Limitations include retrospective design, potential inter-center variability in clinical assessments, and missing data for some markers such as proliferation index and CD30 expression, which did not emerge as independent factors here but merit further investigation.
Future prospective studies integrating genomic and immunologic profiling may enhance the prognostic precision.
Conclusion
This collaborative international study significantly advances the understanding of prognostic factors in advanced-stage MF and SS. By integrating disease stage, age, histopathologic transformation, and laboratory markers into a prognostic index, clinicians can better stratify patients by risk, enabling more personalized therapeutic approaches and optimizing enrollment for clinical trials.

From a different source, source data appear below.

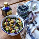 This simple, ultra nutritious Blueberry Wheatberry Salad with Turmeric Vinaigrette is packed with the goodness of blueberries, wheatberries, spinach, avocados, walnuts, carrots and a fresh turmeric vinaigrette.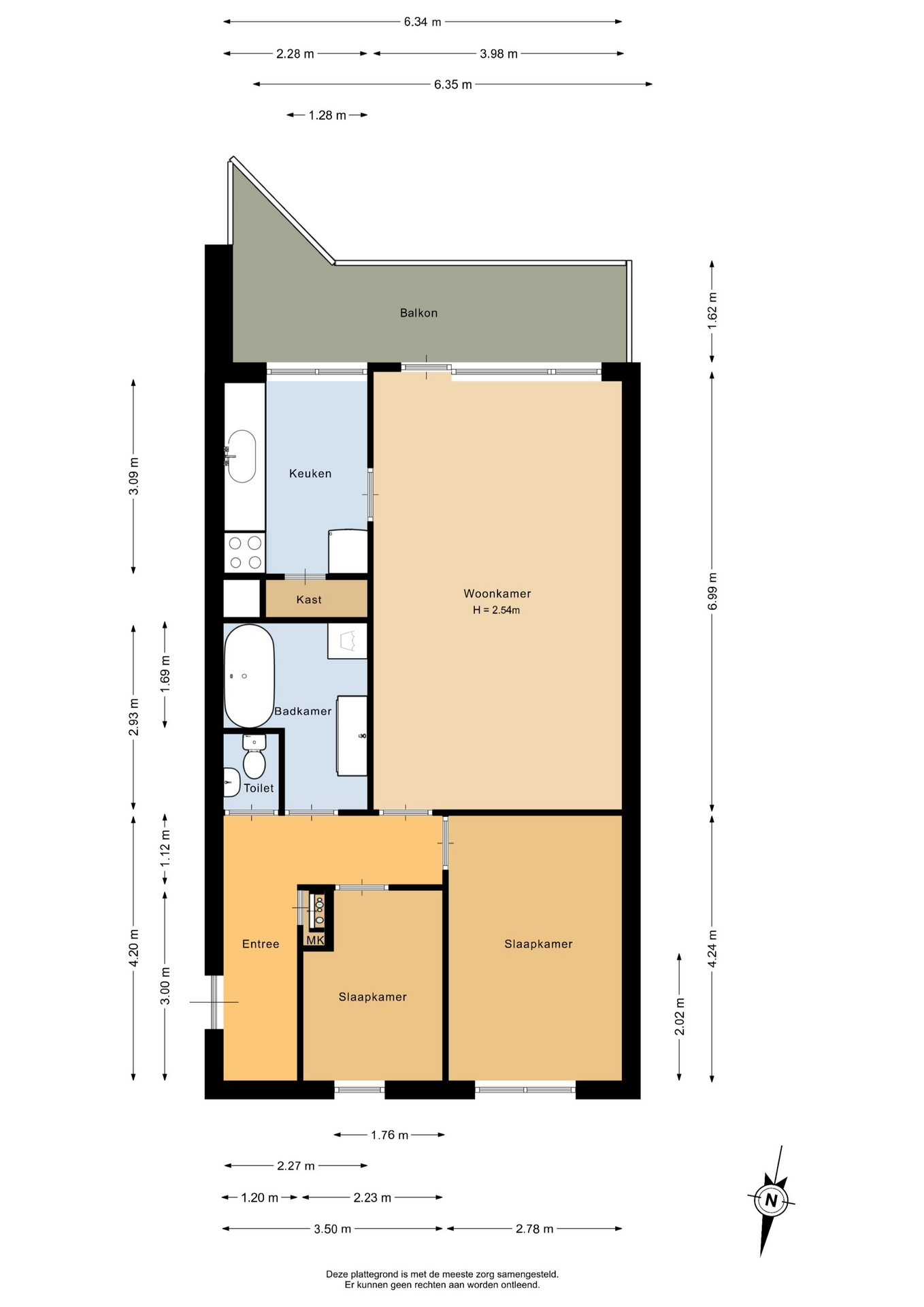 “Deze informatie is door ons met de nodige zorgvuldigheid samengesteld. Onzerzijds wordt echter geen enkele aansprakelijkheid aanvaard voor enige onvolledigheid, onjuistheid of anderszins, dan wel de gevolgen daarvan. Alle opgegeven maten en oppervlakten zijn indicatief.”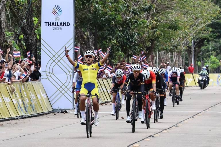 จักรยานประเภทถนนวันเเรก ชิง 2 เหรียญทอง ไฮไลต์อยู่ที่ไครทีเรียมหญิง ทีมไทยส่ง ร.อ.หญิง จุฑาธิป มณีพันธุ์ , ส.อ.หญิง ศุภักษร นันตะนะ และ ส.ท.หญิง ชนิภรณ์ บัตริยะ ลงแข่งขัน ผลปรากฏว่า "บีซ จุฑาธิป" ดีกรีแชมป์เก่า 2 สมัย เร่งสปรินต์ในรอบสุดท้ายเข้าเส้นชัยเป็นคนแรกคว้าเหรียญทองไปครองเป็นสมัยที่ 3 ติดต่อกัน และเป็นเหรียญทองที่ 5 ของทีมสองล้อไทยในซีเกมส์หนนี้ โดย จุฑาธิป ยังมีลุ้นคว้าทองอีก 2 รายการ ได้เเก่ โรดเรซบุคคลหญิง เเละ ประเภทลู่ในสแครตช์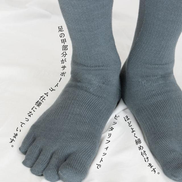 | 特長 | シルク80%混でとてもよい肌触りのシルク5本指ソックスです。 甲の部分にサポーターが付いているので、足の疲労を 和らげるのと同時に、靴下がずれることなく、しっかりと足を包んでくれます。 通気性に優れていて、汗ばむ時期もサラッと快適! 軽いスポーツやウォーキング、仕事用にも普段使いできます。 |
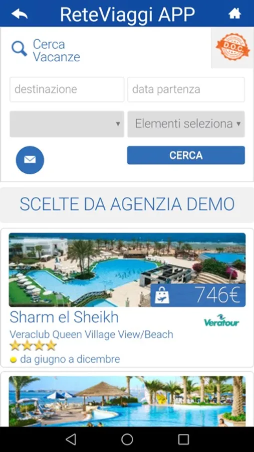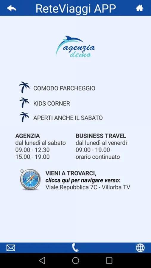 Questa APP ha solo funzione dimostrativa di servizi offerti alle AdV. I prodotti turistici presentati non sono acquistabili. Per qualsiasi informazione contattare Reteviaggi allo 0422 424092 o inviare una mail a commerciale@reteviaggi.com
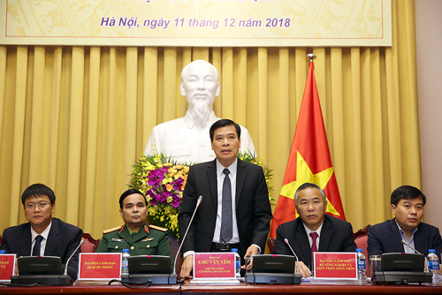 Lãnh đạo Bộ Công an phát biểu tại buổi họp báo. - Ảnh: VGP/Nhật Bắc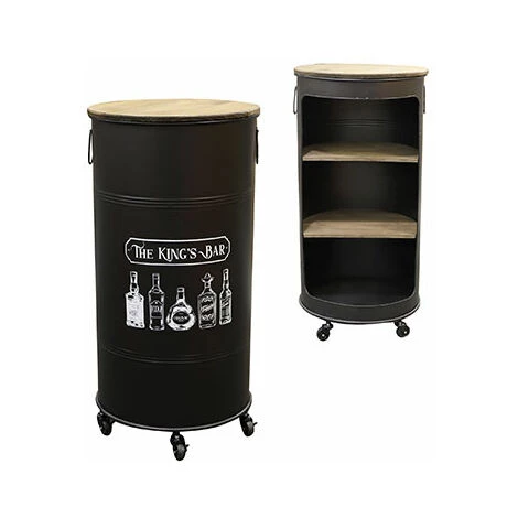Ce bar sur roulettes noires en bois et mĂ©tal assure une dĂ©coration simpliste et originale chez vous. Avec son design rĂ©vĂ©lant un tonneau rĂ©cupĂ©rĂ© et relookĂ©, ce modĂšle s’associe avec des tabourets de bar aux mĂȘmes caractĂ©ristiques. Vous pouvez dĂ©placer facilement ce bar depuis le salon vers la cuisine, en le coulissant sur ses roulettes. Son corps cylindrique est sectionnĂ© en trois compartiments, offrant une façade ouverte et un fond opaque. Le plateau supĂ©rieur ainsi que les tablettes internes affichent une couleur naturelle, issue de leur fabrication en bois. Pour la structure, le corps du bar est en mĂ©tal, dotĂ© d’une finition noire.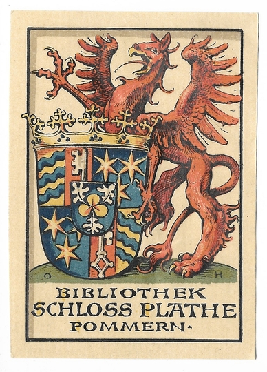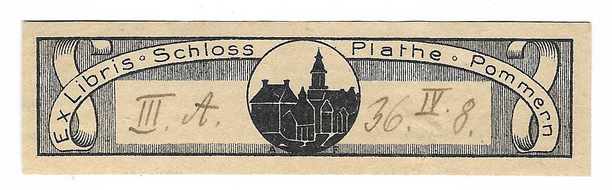 [PŁOTY]. Ex Libris Schloss Plathe Pommern.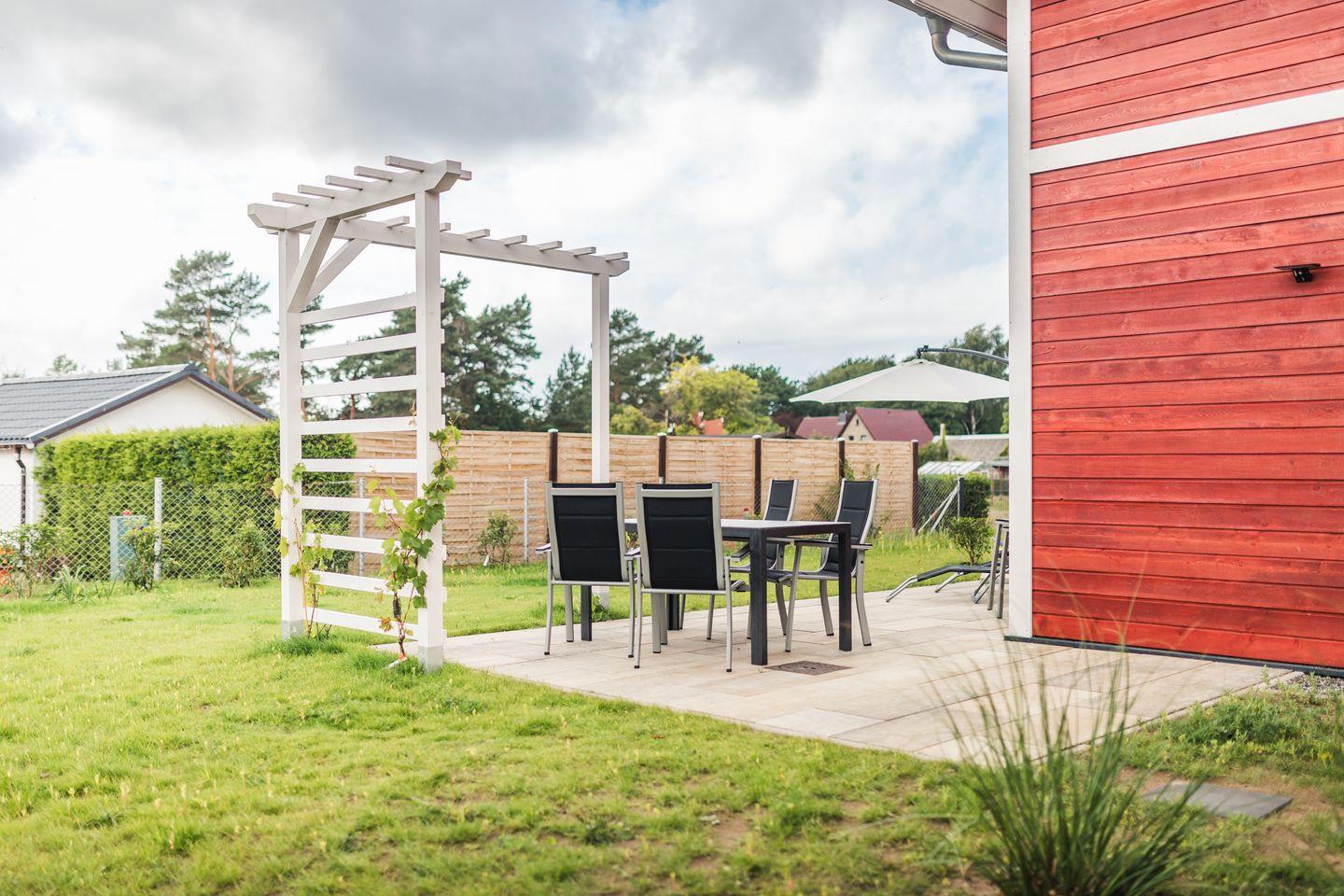 Gemütliches Ferienhaus Baltic Lagoon 16b am Bodstedter Bodden mit Terrasse, direktem Strandzugang und moderner Ausstattung für erholsamen Urlaub.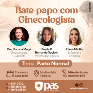 O Padre Albino Saúde (PAS) promove no dia 1º de setembro, às 19h, bate-papo sobre parto normal com profissionais de obstetrícia. O encontro, voltado para gestantes
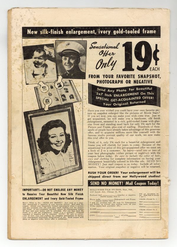 Stories and art by Matt Baker, Frank Sieminsky and Dana Dutch. Tales of teen angst and amour. These oversized issues include content typical of a teen girls' magazine, alongside comics stories by the likes of celebrated good-girl artist Matt Baker. Sally's quest for love is complicated when she gets caught up in the crooked schemes of her mother, a phony fortune-teller, in a story with art by Baker. In another Baker story, Southern belle Carolyn avoids men after bad experiences, and tries to get her sister Ginny to do the same. Jo Ann is ashamed that she lives with her father in a barge on the waterfront, and tries to hide it from the men she dates. Railroaded into Romance; Love Was His Profession; I Was Love-Shy; Don't Cry, Baby!; Her Secret Love!; I Tried to Lead a Double-Life. 7 1/2-in. x 11-in., 32 pages, Full Color. Cover price $0.10.

As the therapeutic landscape evolves with novel agents, robust risk stratification will be essential to improve outcomes in these challenging cutaneous lymphomas.
Funding and Registration
The study was supported by the Cutaneous Lymphoma International Consortium with contributions from participating academic centers. No specific clinicaltrials.gov registration was reported.
References
Scarisbrick JJ, Prince HM, Vermeer MH, et al. Cutaneous Lymphoma International Consortium Study of Outcome in Advanced Stages of Mycosis Fungoides and Sézary Syndrome: Effect of Specific Prognostic Markers on Survival and Development of a Prognostic Model. J Clin Oncol. 2015 Nov 10;33(32):3766-73. doi:10.1200/JCO.2015.61.7142. PMID: 26438120; PMCID: PMC4979132.